Prizzi’s Honor lives that most uncomfortable space – the black comedy. It’s uncomfortable because to set and maintain the proper tone, the entire production operates on a razor’s edge. If any part of the process falters, from John Huston’s direction all the way down to the selection of condiments at the craft services table, the delicate artifice collapses.
Most important of all is the acting. For a black comedy to succeed, the actors must maintain constant earnestness with the comedy not coming from punch lines but from something inherent in the character himself.
When a black comedy fails, it’s almost always easy to pinpoint the culprit. But when it succeeds, it’s possible to glide right past the great performances that made it so. Jack Nicholson’s Charley Partanna in Prizzi’s Honor is just such a performance.
Partanna is gruff, almost monosyllabic. But he’s not stupid, he just knows that talking too much often leaves you overextended. He’s a competent gangster on the way up and he’s centered in that world with a heavy anchor. And as the movie unfolds, and absurd situations ripple the surface, he never strays far enough from the boat to get lost. He surprises us with literacy, curiosity, passion and ingenuity along the way, but without deviating from his solid base.
Bouncing off Jack’s steady foundation are Angelica Huston and Kathleen Turner. Irene Walker (Turner) pretends to be an outsider, but she’s busy trying to run scams on gangsters. Huston took home an Oscar for turning the screws behind Partanna’s back as Maerose Prizzi. Maerose is the one character in the movie that really seems dangerous.
I remember this movie from my childhood because of William Hickey’s strange voice. His Don Prizzi stretches words like hand-pulled noodles until the innocuous is threatening. But Jack’s Partanna isn’t just holding up the tent for these fine supporting characters.
He seems a poor match for Irene on the exterior, but his devotion, shot straight, wins her over. We’re not sure where Partanna fits in the hierarchy of the Prizzi family at first, but his intelligence and resourcefulness prove his worth.
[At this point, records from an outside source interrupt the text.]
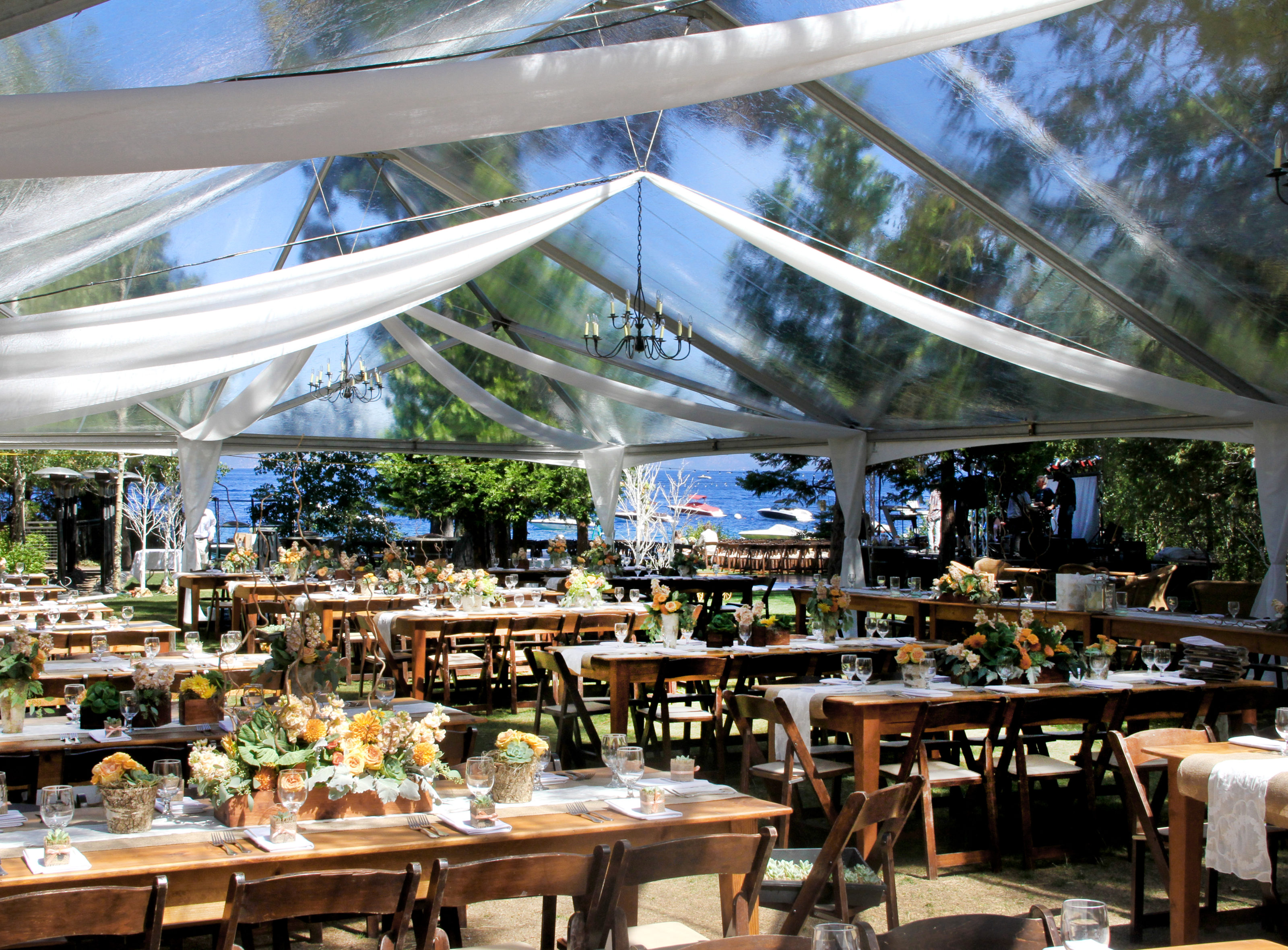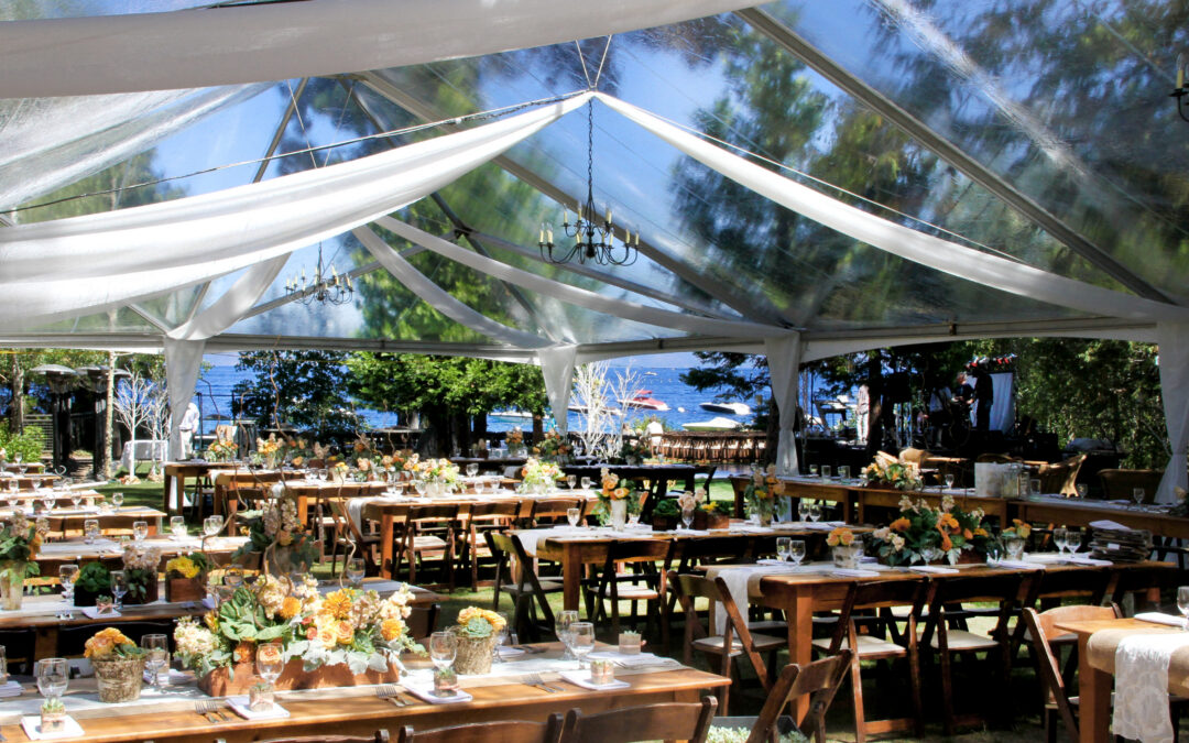 The West Shore Cafe Lawn is set for a dinner reception. There are wooden farm tables with white linens and orange flowers. A large white tent covers the area. Lake Tahoe is in the background.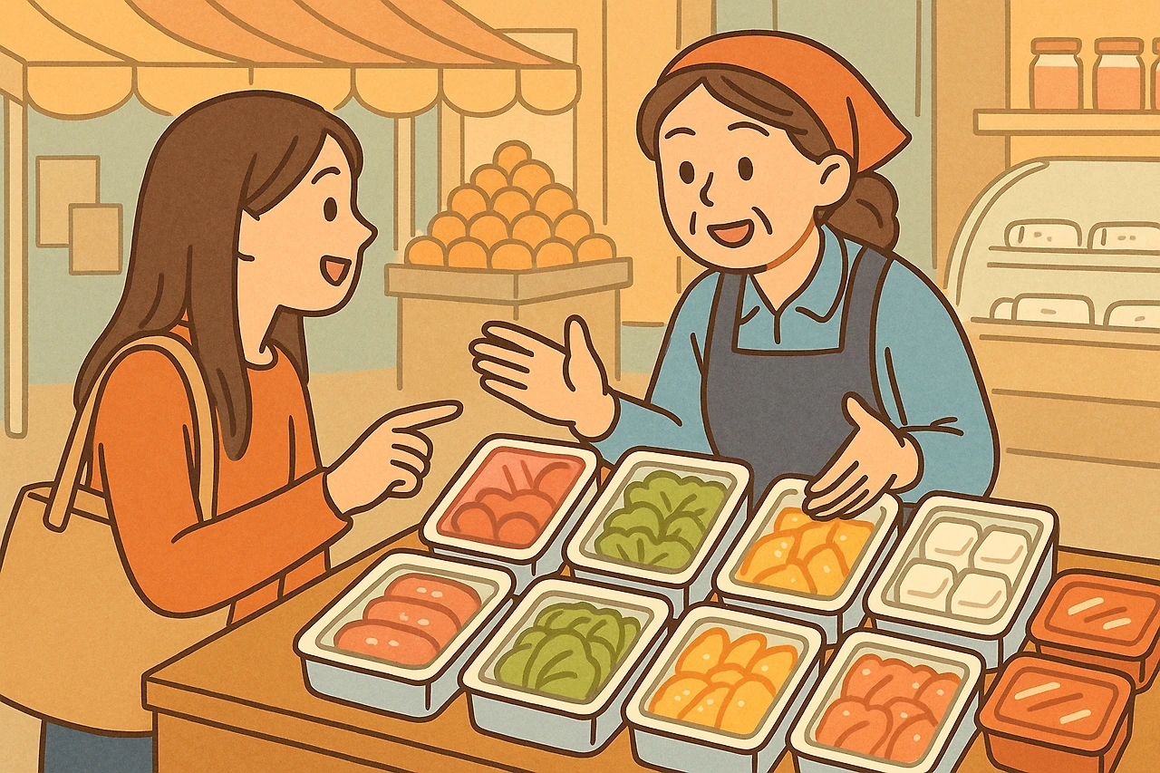 전에는 반찬을 큰 접시에 쌓아두던 가게가 있었다.
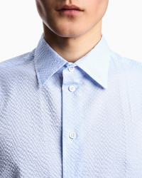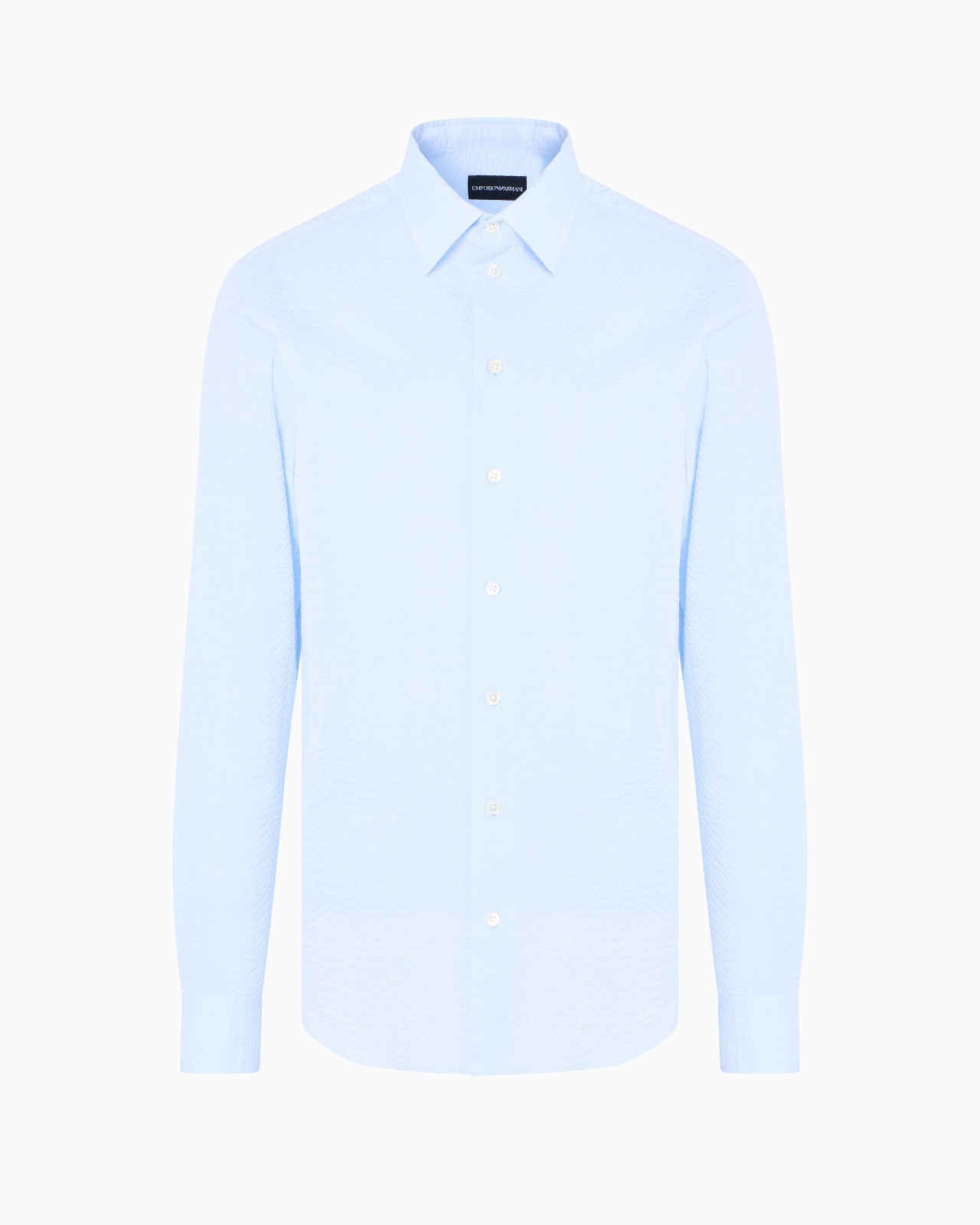Pure cotton shirt with classic collar. The intricate micro-weave generates a seersucker-effect micro-pattern that gives the entire style a dynamic crinkled appearance. Seersucker weave Classic collar Long sleeves Rounded cuffs with buttons Back yoke Product Code: EM000099TE14192U9333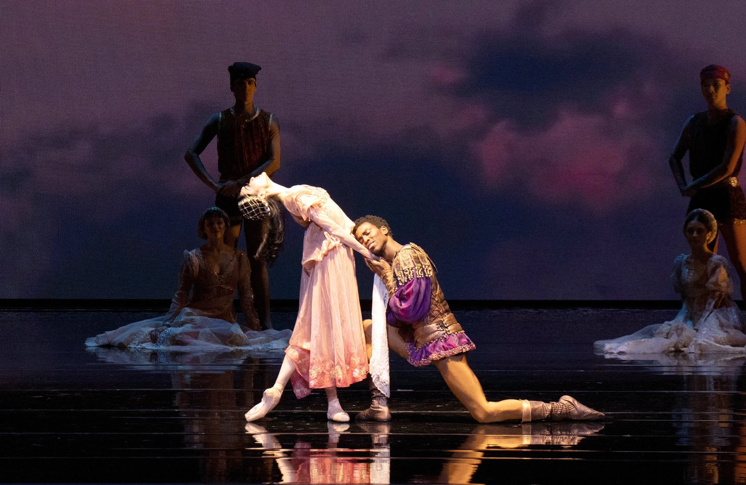 As Cassio, Jake Roxander excelled across his character’s arc from trusted lieutenant to victim of jealousy. His entrance during the celebration saw him employ charming turns and powerful spins after joining the commedia dancers, before shifting to a more cordial affection as he partnered with Desdemona. These qualities were explored further during the second act, from a nice trio of circling measures as Cassio, Emilia, and Desdemona tensely await the returning Othello and Iago by ship, to the extended festivities as Cassio is gradually framed by Iago. There were some truly eye-catching moments as Roxander caught Granlund after being tossed by Whiteside, or handed off mid-lift as Iago further pairs Cassio with Bianca as he readies his trap. Roxander’s time in the court scene of the third act featured great anguish as he was kicked, accused, and finally executed.

Alex loves Jack’s line, “Marxie Heller so fuckin’ smart, how come he’s so fuckin’ dead?” Not only is it a fantastic reading, an argument ender but spat out of the side of his mouth, it’s also the start of the slow leak leads to disaster for Partanna and Irene. Partanna has killed Irene’s husband, Marxie Heller, before learning of the connection. Irene swears she was going to leave him anyway, but she has enough nice things to say about the guy to get under Partanna’s skin and cause that great line.
Partanna could never trust Irene completely. Did she come with him because she loved him or because all her other plans were turning to crap and he represented her best chance at survival? He couldn’t answer the question satisfactorily so when stab came to shoot, he hurled a knife through her throat.
The movie works because Jack is great. But Jack is great without doing a lot of the things that he’s usually great at. He’s neither hip, cool nor sarcastic. He’s a lug. And he plays the lug straight up and down the edge without ever missing a step.
"If Marxie Heller is so fuckin' smart how come he's so fuckin' dead?"
I need to see this again. I caught it on cable late one night a few months back, but it had already started and I was tired. It really is a unique performance.
Funny, in the movie "Pocket Change," with Paul Newman and Lee Marvin, Newman plays a dim-witted cowboy. The movie didn't completely click for me largely because I had trouble accepting Newman playing a dumb guy.
"Have a cookie."
I knew a comedian in college and Bill Hickey was one of his best impressions.
[1] That's how I remember the quote too, but IMDB has the shorter version. I'll have to watch it again and check.
This poster makes Jack look about a million times cooler than he was in the actual movie.
[3] "It's da faaaahmily, Charlie, da faaaahmily."
I still quote that line regularly and I haven't seen the movie in maybe 15 years. Excellent flick.
Nice review, Jon.
[3] BTW, doesn't he say, "Have a cookie, sweetheart."
That's how I remember it.
"Do I ice her, do I marry her? Which one of these things?"